→ **Your instructions**
Omit the pictures and return exactly the stretch of the material below from the line with "Donderdagochtend werd ontdekt" through the line with "Blick vom Balkon auf Poolanlage".

→ **Data supplied**
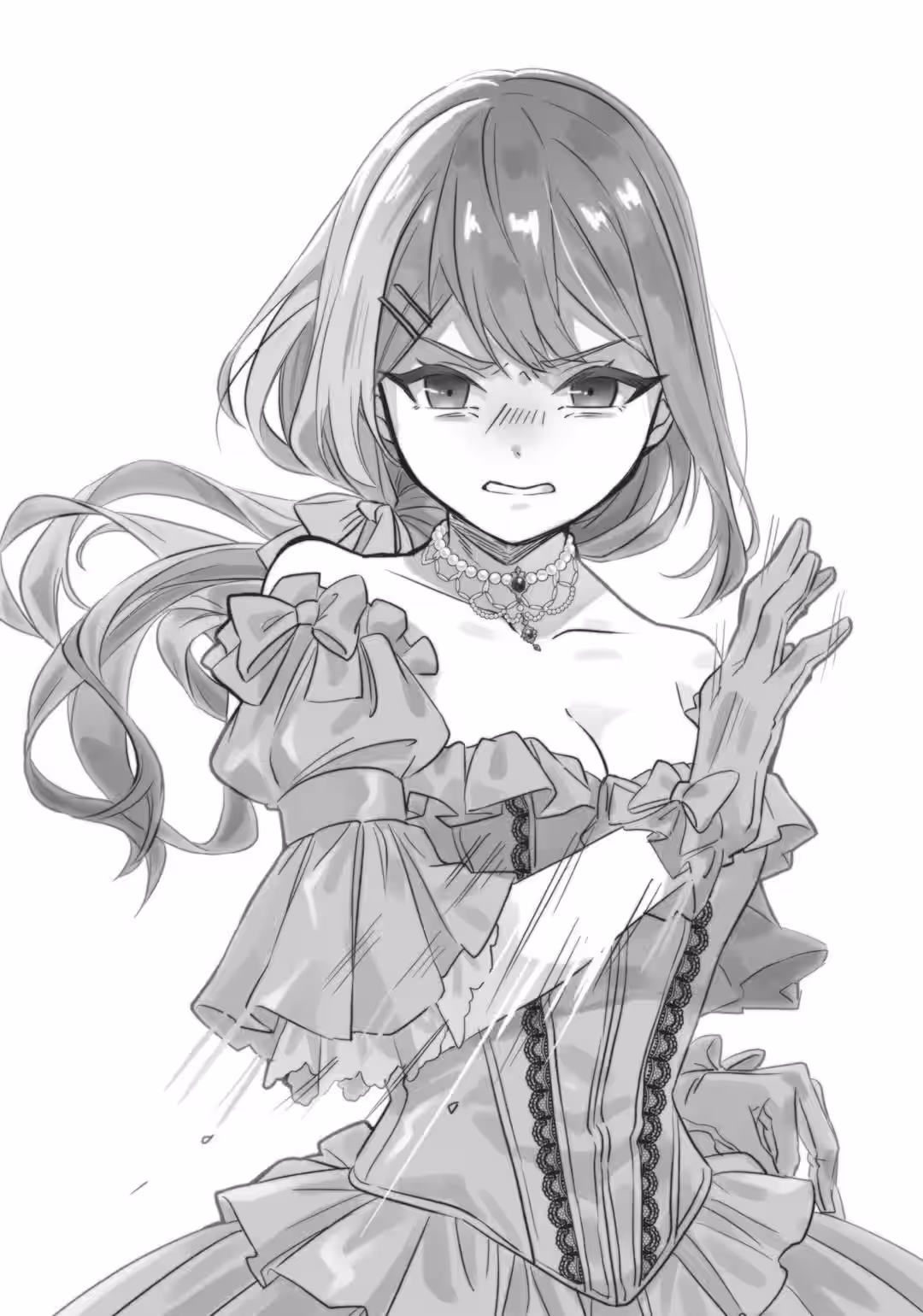 His voice had grown quiet and timid, which Dorothea couldn’t abide. She shot up from her chair, and the rattle of a chain echoed around the room. “We’re married now, so you must stop using such titles with me!” She probably didn’t like how meek he was being.
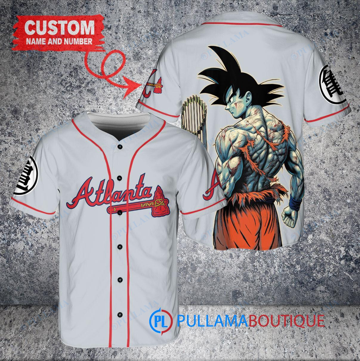 Atlanta Braves x Son Goku Kakarot Super Saiyan Dragon Ball Z with Trophy Baseball Jersey Gray
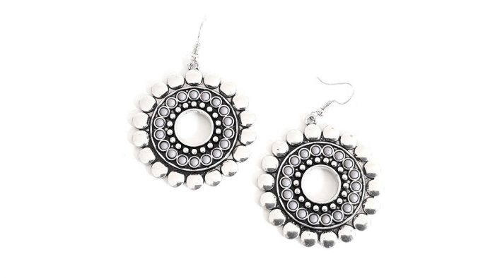 Στρογγυλά κρεμαστά σκουλαρίκια με γάντζο, σε ασημί αντικέ χρώμα, αποτελούμενα από μικρότερα στρογγυλά μεταλλικά στοιχεία και μικρές γκρι χάντρες.
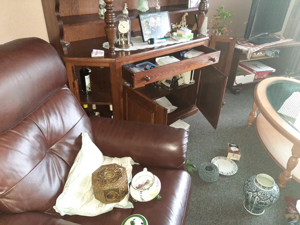 Donderdagochtend werd ontdekt dat de gordijnen dicht waren en dat de voordeur was opengebroken. Volgens de nabestaanden hebben de inbrekers veel moeite gedaan om binnen te komen. "Elk raam en elke deur heeft schade."
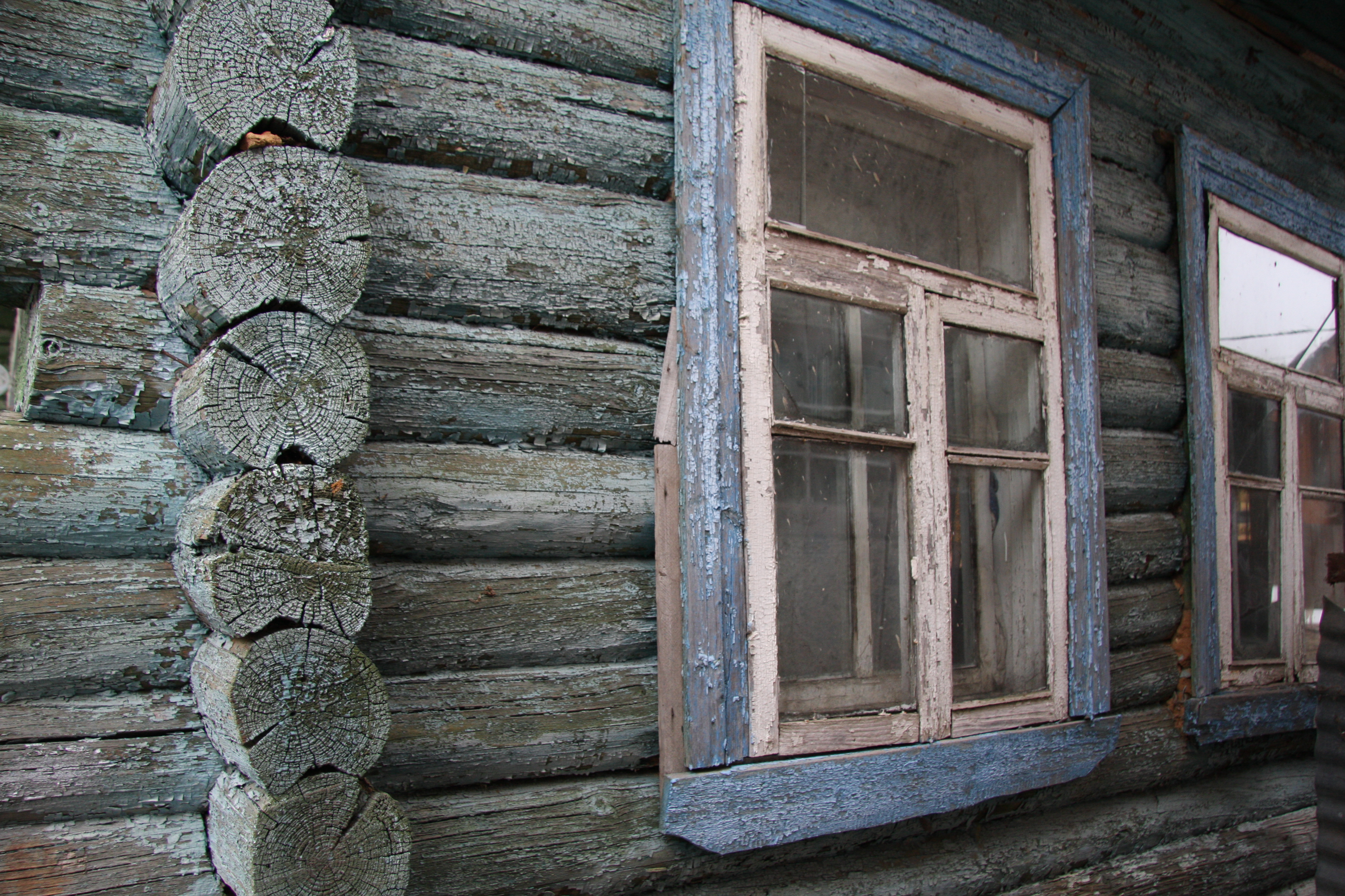 Домик старый, это хорошо подчеркивает рассеянное освещение, проработана фактура краски , рисунок на поверхности дерева.
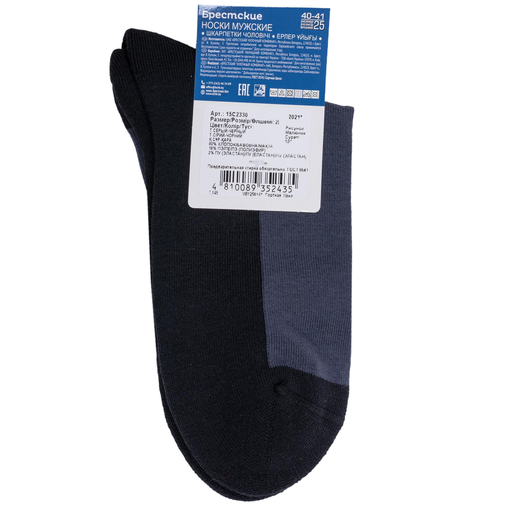 Круглогодичные или зимние укороченные мужские носки, цвет темно-серый, теплые, спортивные, с махровым следом, шов кеттельный (бесшовная технология), принт (рисунок): однотонный, без рисунков/узоров, состав: 80% хлопок, 18% полиэстер, 2% эластан, арт. 15С2330. Производитель «Брестский чулочный комбинат ОАО, Беларусь» под брендом «Брестские (бчк)».
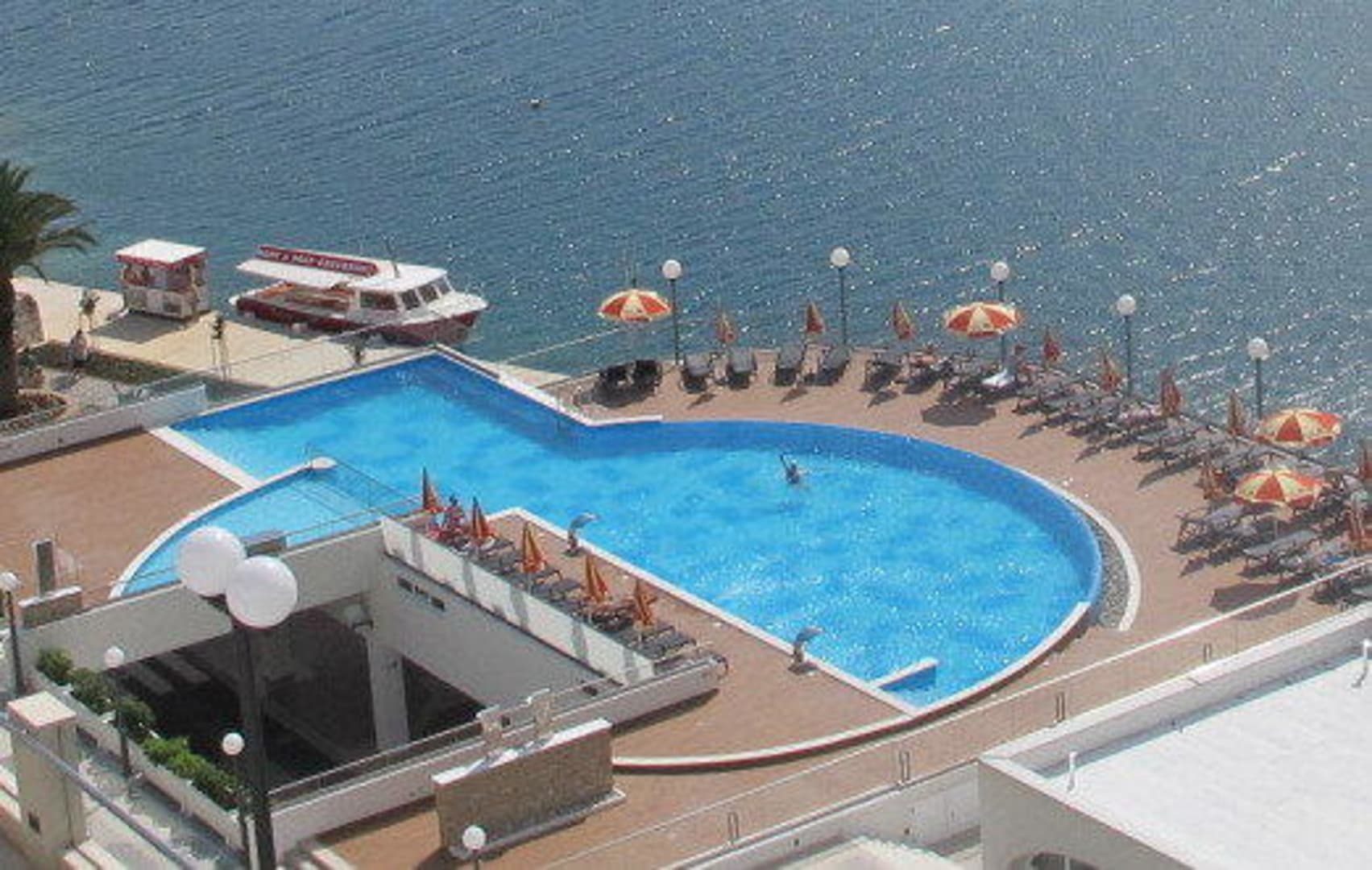 Blick vom Balkon auf Poolanlage
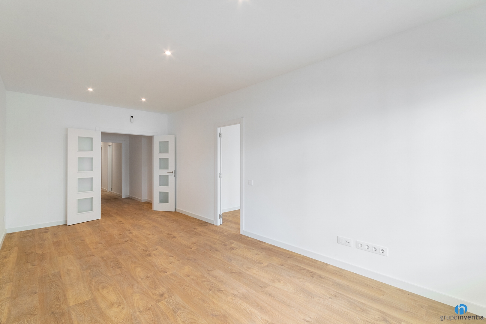 Las paredes se han pintado de blanco. El mismo color de los nuevos marcos y puertas. Combina a la perfección con el pavimento de parquet que hemos instalado en zonas comunes y dormitorios. Ahora tiene el aspecto de un verdadero hogar.
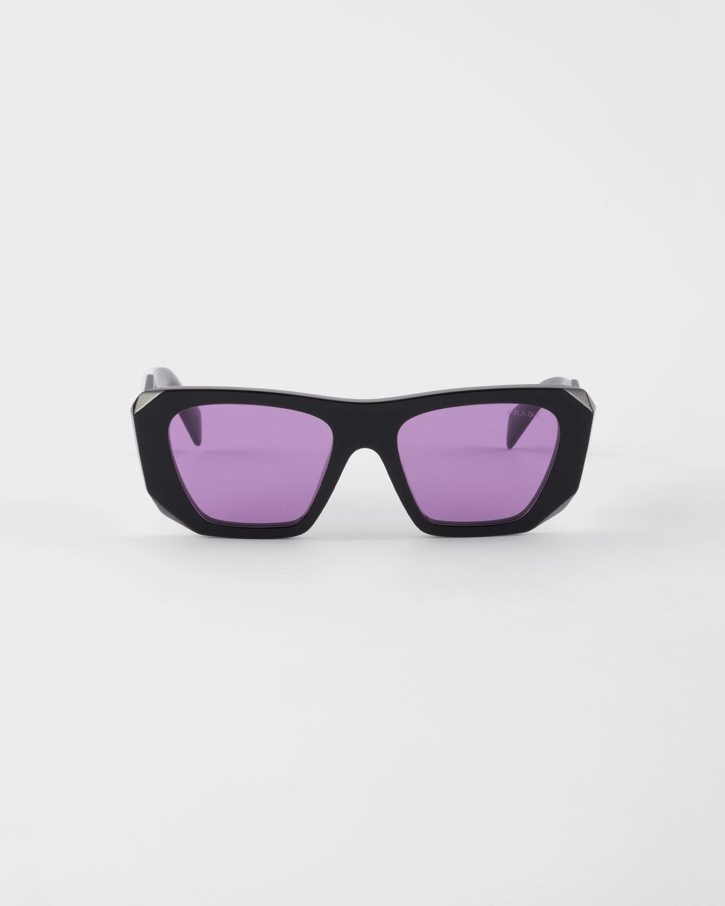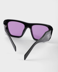 An oversized design and large volumes define these acetate sunglasses. The frame is characterized by the geometric front with clean lines and beveled outer rims. The three-dimensional workmanship on the temples is decorated with an iconographic interpretation of the traditional Prada triangle logo. - Product code: SPRB18_E16K_FE30G_C_053 - Acetate frame front - Color: Black - Frame not compatible with graduated lenses - 100% UVA / UVB protection - Standard fit - Lens-nose-temple measurements: 54-20-145 mm - Article comes with dedicated packaging - Other colors available - Imported MATERIALS Acetate

→ **Reply**
 Donderdagochtend werd ontdekt dat de gordijnen dicht waren en dat de voordeur was opengebroken. Volgens de nabestaanden hebben de inbrekers veel moeite gedaan om binnen te komen. "Elk raam en elke deur heeft schade."
 Домик старый, это хорошо подчеркивает рассеянное освещение, проработана фактура краски , рисунок на поверхности дерева.
 Круглогодичные или зимние укороченные мужские носки, цвет темно-серый, теплые, спортивные, с махровым следом, шов кеттельный (бесшовная технология), принт (рисунок): однотонный, без рисунков/узоров, состав: 80% хлопок, 18% полиэстер, 2% эластан, арт. 15С2330. Производитель «Брестский чулочный комбинат ОАО, Беларусь» под брендом «Брестские (бчк)».
 Blick vom Balkon auf Poolanlage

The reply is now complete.